In a right angled triangle, the hypotenuse is 20 cm and the other two sides are in the ratio 4 : 3. What are the lengths (in cm) of these two legs of the triangle?

Introduction / Context:
This problem is a standard application of the Pythagoras theorem in a right angled triangle when you are given the hypotenuse and the ratio of the remaining two sides. Such questions are very common in aptitude and competitive exams and help you practice working with integer Pythagorean triples.

Given Data / Assumptions:

• The triangle is right angled.
• The hypotenuse has length 20 cm.
• The other two sides (legs) are in the ratio 4 : 3.
• Let the legs be 4k cm and 3k cm for some positive real number k.
• We use the Pythagoras theorem: (leg1)^2 + (leg2)^2 = (hypotenuse)^2.

Concept / Approach:
Whenever the ratio of the legs is given, a very efficient way is to express the unknown sides in terms of a common factor k. Then, apply the Pythagoras theorem and solve for k. Once k is known, you immediately get the exact lengths of the legs. Here, the ratio 4 : 3 hints at a scaled version of the classic 3 4 5 Pythagorean triple.

Step-by-Step Solution:
Step 1: Let the two legs be 4k cm and 3k cm. Step 2: Apply Pythagoras theorem: (4k)^2 + (3k)^2 = 20^2. Step 3: Compute the squares: 16k^2 + 9k^2 = 25k^2. Step 4: Set 25k^2 = 400 (since 20^2 = 400). Step 5: Divide both sides by 25: k^2 = 400 / 25 = 16. Step 6: Take the positive square root (lengths are positive): k = 4. Step 7: Therefore, the legs are 4k = 4 * 4 = 16 cm and 3k = 3 * 4 = 12 cm.

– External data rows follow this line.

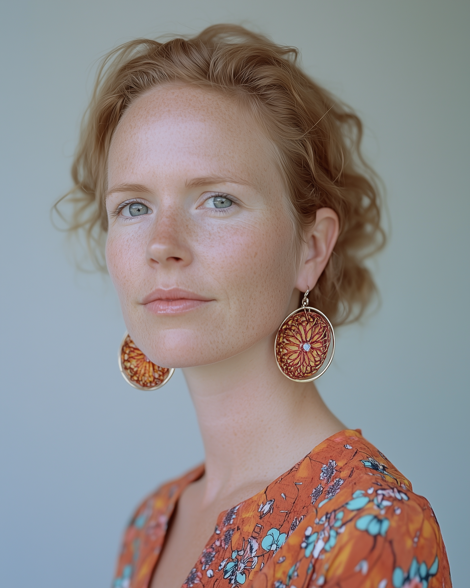 Caucasian woman with light brown hair, blue eyes, and large patterned earrings in a floral orange dress against a neutral background.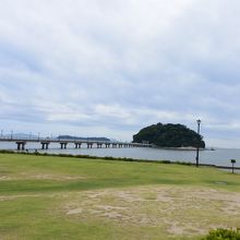 竹島の対岸にある芝生がはられた公園です。特に何かがあるというわけではありませんが、広々としてとても気持ちがよかったです。竹島を眺める絶好の場所でもあり、竹島の写真撮影もばっちりです。夏とはいえ、平日だったでいか、人出も多くなく、のんびりできました。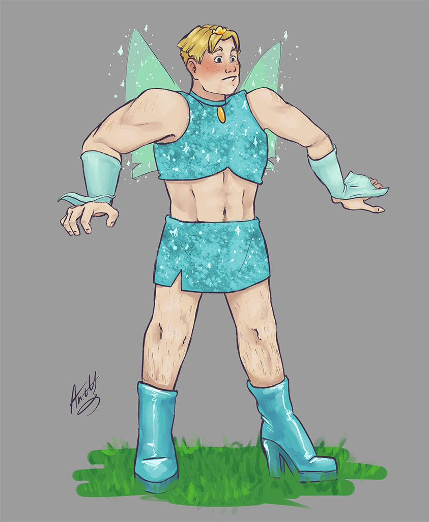 На богатырш посмотрели, пора переходить к феям. Художница AntU нарисовала богатырский кроссовер с вселенной феечек Винкс. Казалось бы, всё понятно — превращаться будут девушки. А вот и нет, феечками стали богатыри!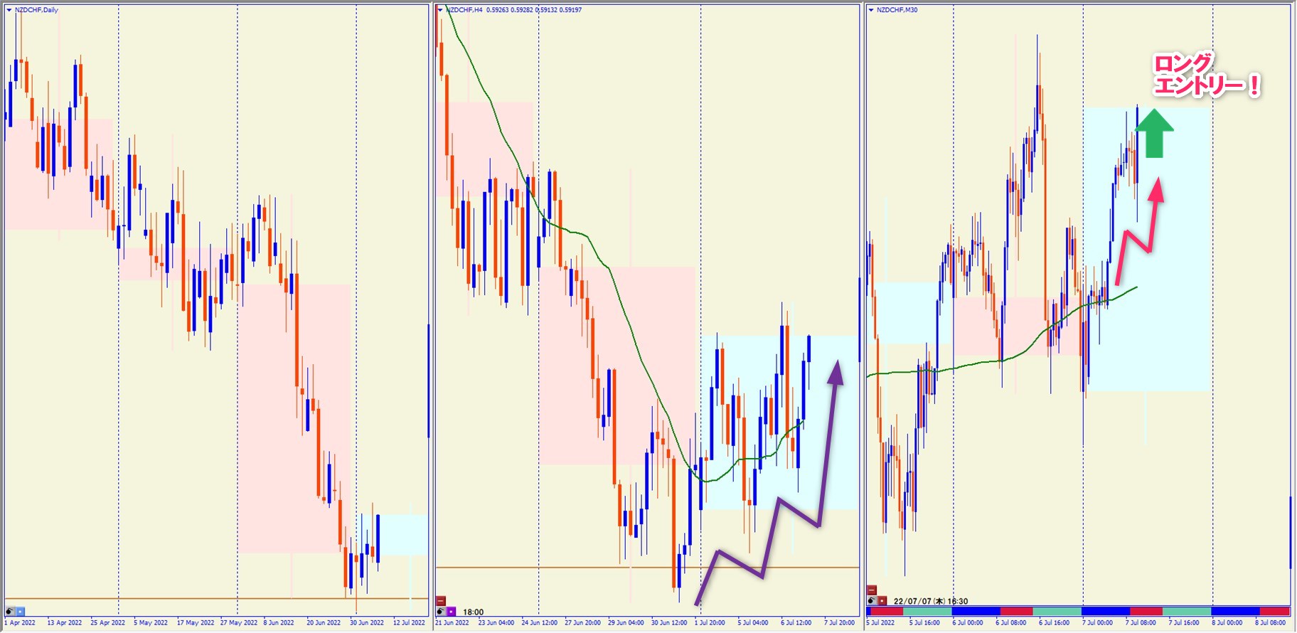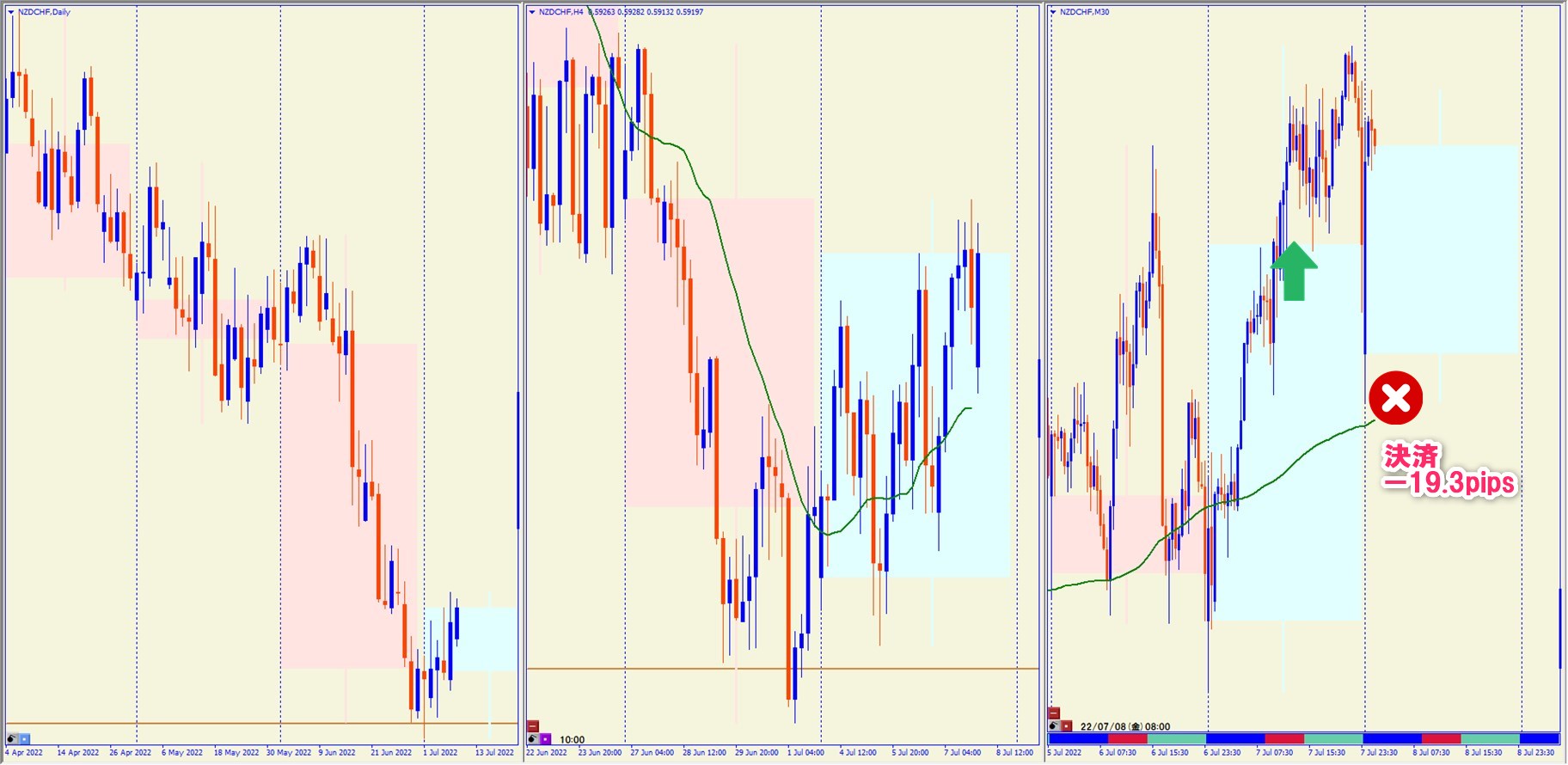 2022.7.7 16:30 NZDCHF ロング -19.3pips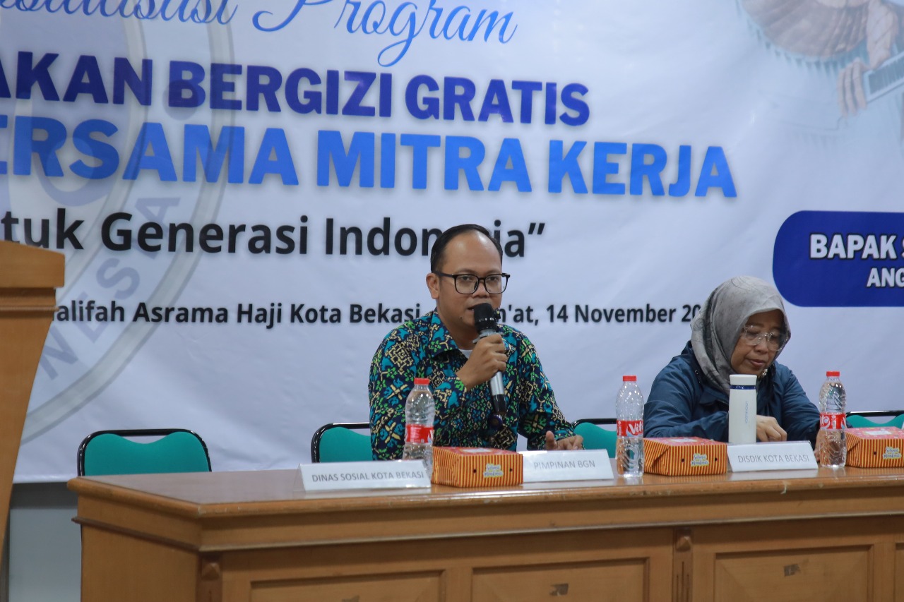 Sementara itu, Perwakilan Dinas Pendidikan Kota Bekasi, Siti Aisah, dalam pemaparannya menyampaikan terkait dengan program pemerintah “Makan Bergizi Gratis”, Program ini termasuk perwujudan dari Asta Cita Presiden RI Prabowo Subianto. Merupakan program prioritas nasional dan langkah strategis dalam mempersiapkan generasi unggul menuju visi Indonesia Emas 2045.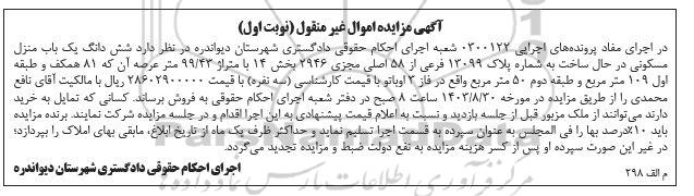 مزایده ششدانگ یک باب ساختمان به شماره پلاک 97 فرعی از 48 اصلی, مزایده ششدانگ یک باب ساختمان به شماره پلاک 97 فرعی از 48 اصلی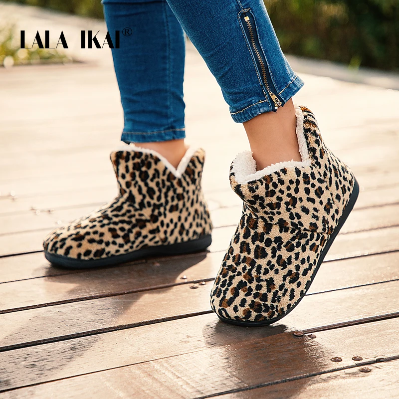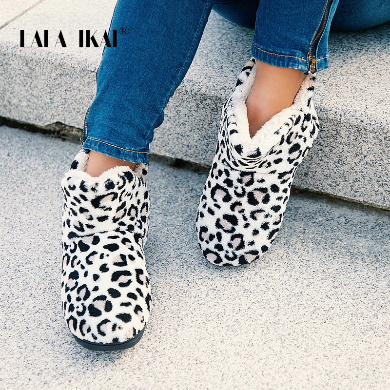 Special Offer LALA IKAI de invierno para mujer zapatos de tobillo botas cortas de lana de algodón antideslizantes botas de leopardo mantener caliente botas de nieve casuales XWA5992 4 Discount 40% Today!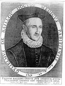 Guillaume de Baillou (Latin: Ballonius) (1538–1616) was a French physician born in Paris. He was a member of the Baillou family, one of the oldest aristocratic families in Europe.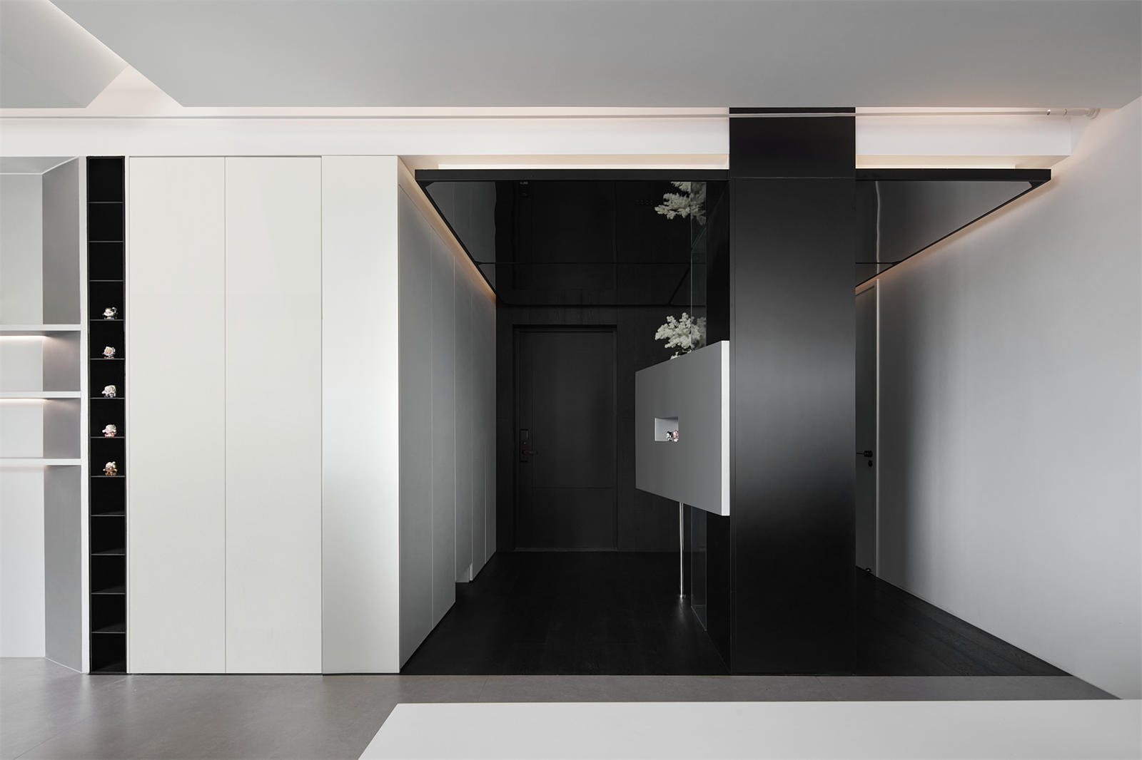If you can't remove a bearing column, use it. We built four boxes around the original building structure to display the owner's "older children". One of the oblique protruding faces the entrance, in order to solve the shortage of the original column position to one side, to achieve the visual effect of "opening the door to see the baby".The young people of Generation Z love freedom and exploration. They are more receptive and tolerant of different cultures. We created this project for a Generation Z couple who love trendy toys. Different from the ordinary porch space, the entrance of this home not only connects the internal and external space, but also assumes the function of hand display.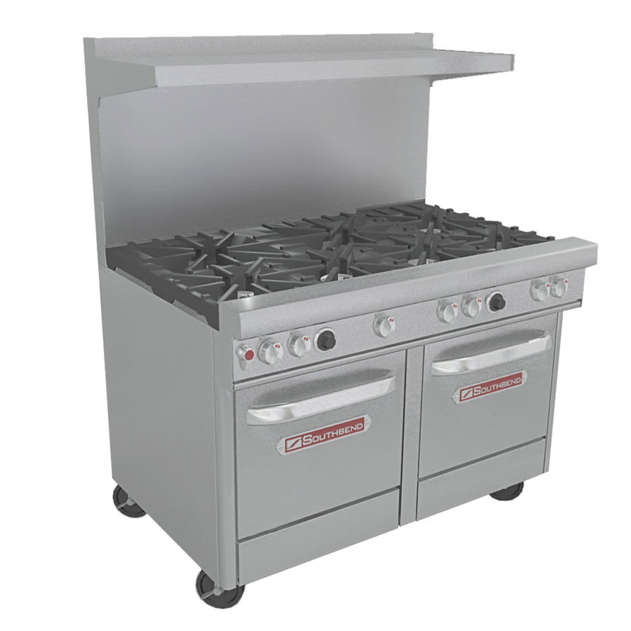 Ultimate Restaurant Range, 48″, (3) star/sauté burners front left, (2) pyromax burners rear left, (1) star/sauté burner front right, (1) non-clog rear right, standing pilot, (2) space saver ovens with battery spark ignition, includes (1) rack per oven, 22-1/2″ flue riser with shelf, stainless steel front, sides, shelf & 6″ adjustable legs, 335,000 BTU, CSA, NSF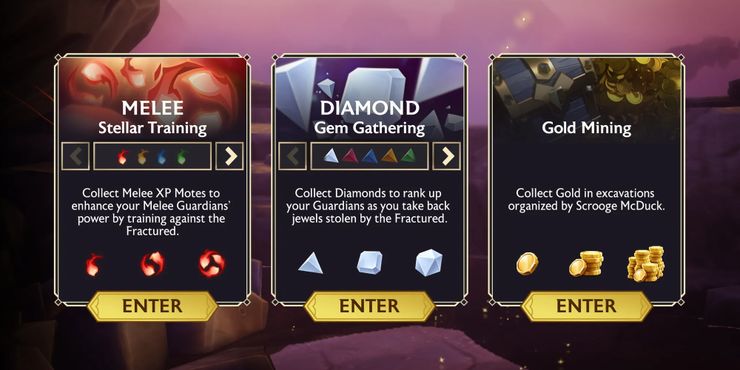 El modo historia en espejo de disney actualmente consta de siete capítulos, pero todavía hay muchas actividades para hacer después de terminar el juego. Junto con mayores dificultades para cada encuentro de la historia, también hay otros modos de juego con misiones más desafiantes. Continuar completando actividades después de completar la historia en el modo Normal permitirá a los jugadores obtener recompensas más sustanciales y aumentar el nivel de poder de cada Guardián.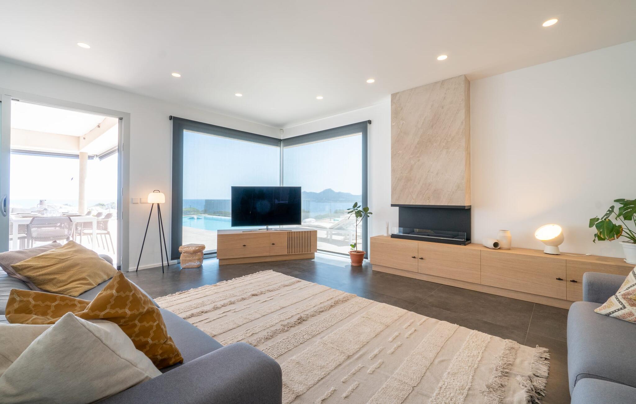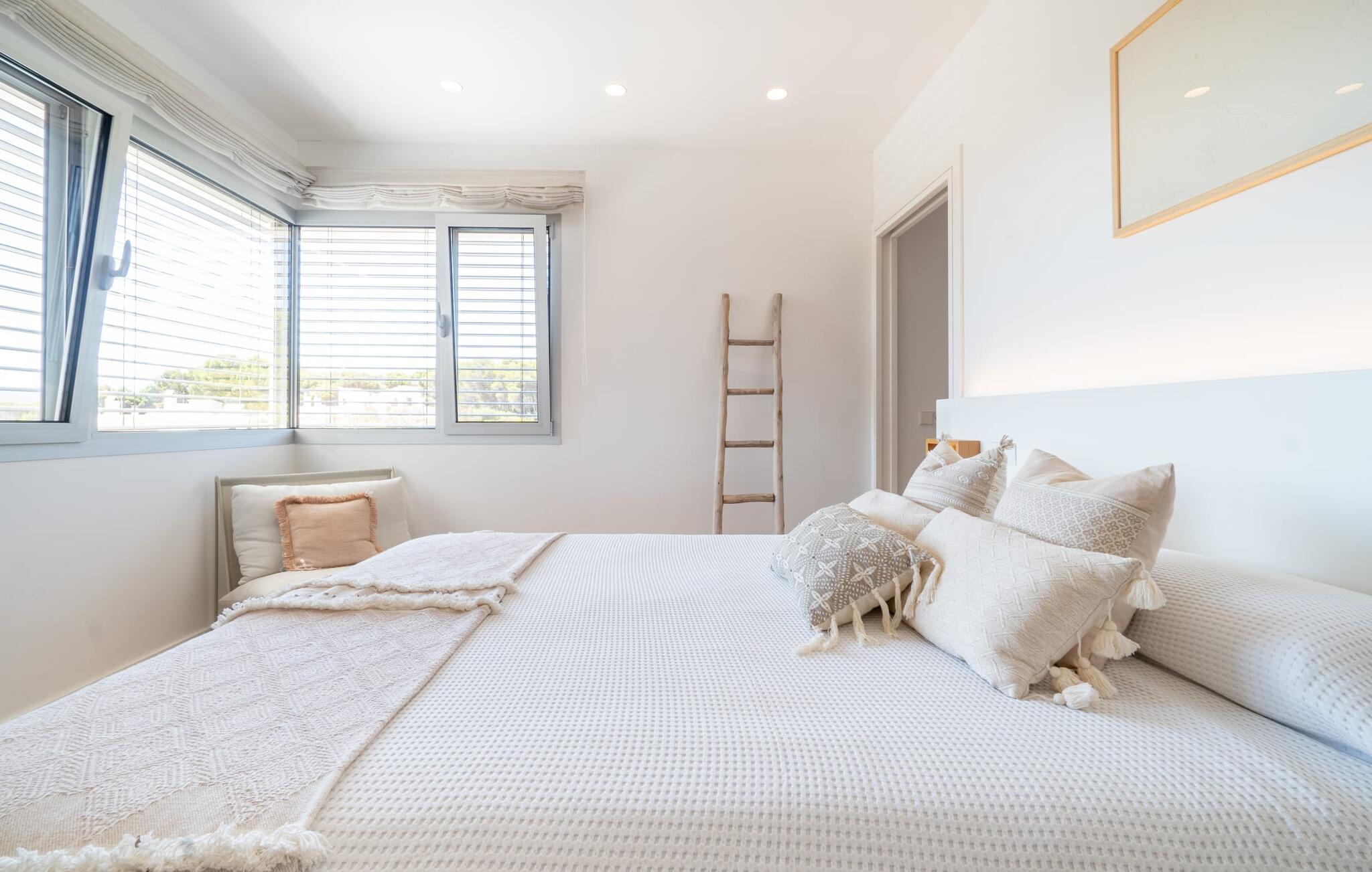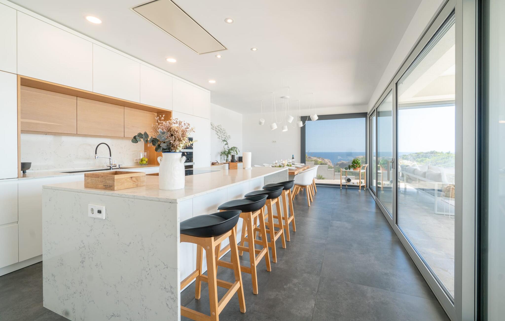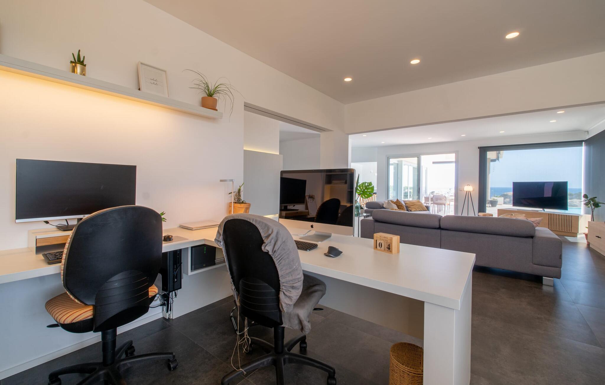 Ook van binnen is deze villa erg chic: de vele ramen laten veel licht binnen en bieden een fantastisch uitzicht op zee. Ze zijn ook voorzien van jaloezieën en rolluiken om ervoor te zorgen dat het huis niet te warm wordt op zonnige dagen. Veel wit en natuurlijke kleuren, gecombineerd met designmeubels en zorgvuldig geselecteerde woonaccessoires, zorgen voor een vriendelijke en stijlvolle sfeer in het hele huis. Op de begane grond zijn er twee smaakvol ingerichte slaapkamers met een gedeelde, moderne badkamer met ligbad, een uitnodigende entree en een praktische wasruimte. De bovenverdieping op zwembadniveau maakt indruk met een grote woonkamer, een ruim gastentoilet met douche en een werkplek die perfect is voor een kantoor aan huis Aansluitingen zijn beschikbaar als je je laptop wilt meenemen. De keuken, uitgerust met hoogwaardige apparatuur, en de open eethoek zijn ook echte hoogtepunten: Vanaf hier kun je genieten van uitzicht op het terras en de zee dankzij ramen van vloer tot plafond. Een extra slaapkamer met dressing en eigen badkamer ronden het wooncomfort af.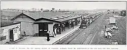 The railway from Ōtāhuhu reached West Pukekohe in 1873[5] and the line opened to Mercer on 20 May 1875,[6] though initially there was no goods service.[7] The station caused the town centre to be refocused along King Street.[8] A rimu and kauri[9] 4th class station[10] and stationmaster's house[11] were built in 1875.[12] In 1875 Pukekohe had two trains a day in each direction taking about 2 hours from Auckland.[13] In 2019 journeys to Auckland took 1hr 11mins, running half hourly.[14] Additions were made in 1878 and 1883, so that by 1884 it also had a cart approach to the platform, a 60 ft (18 m) by 30 ft (9.1 m) goods shed, loading bank, cattle yards, weighbridge and urinals. In 1902 the station had an iron roof and contained a ladies' waiting room, public vestibule, railway and postal room, and porter's room. There were four sidings in connection with the station, and the staff consisted of the stationmaster, two cadets, a messenger, and a porter.[15] There was a Post Office at the station from 1883 to 1909,[10] though a conflict between the departments in 1883.[16] Further railway houses were added in 1909, 1911 and 1955.[10]

Verification / Alternative check:
Check the Pythagorean relation with the found lengths: 16^2 + 12^2 = 256 + 144 = 400, and the hypotenuse squared is 20^2 = 400. The equality holds exactly, so 16 cm and 12 cm are consistent. Also, the ratio 16 : 12 simplifies to 4 : 3, matching the given ratio of the legs.

Why Other Options Are Wrong:
4 cm and 3 cm, 8 cm and 6 cm, and 12 cm and 9 cm all keep the 4 : 3 ratio but do not satisfy the Pythagoras theorem with hypotenuse 20 cm. For each of these, the sum of squares of the legs is not 400. The pair 10 cm and 8 cm does not even preserve the 4 : 3 ratio and also fails the Pythagorean condition for hypotenuse 20 cm.

Common Pitfalls:
A frequent mistake is to scale a known triple incorrectly or to forget to square the scaling factor when checking the Pythagoras relation. Another error is to choose numbers in the correct ratio but not check whether they fit the given hypotenuse. Always use (leg1)^2 + (leg2)^2 = hypotenuse^2 to confirm the final pair of sides.

Final Answer:
The two legs of the triangle are 16 cm and 12 cm.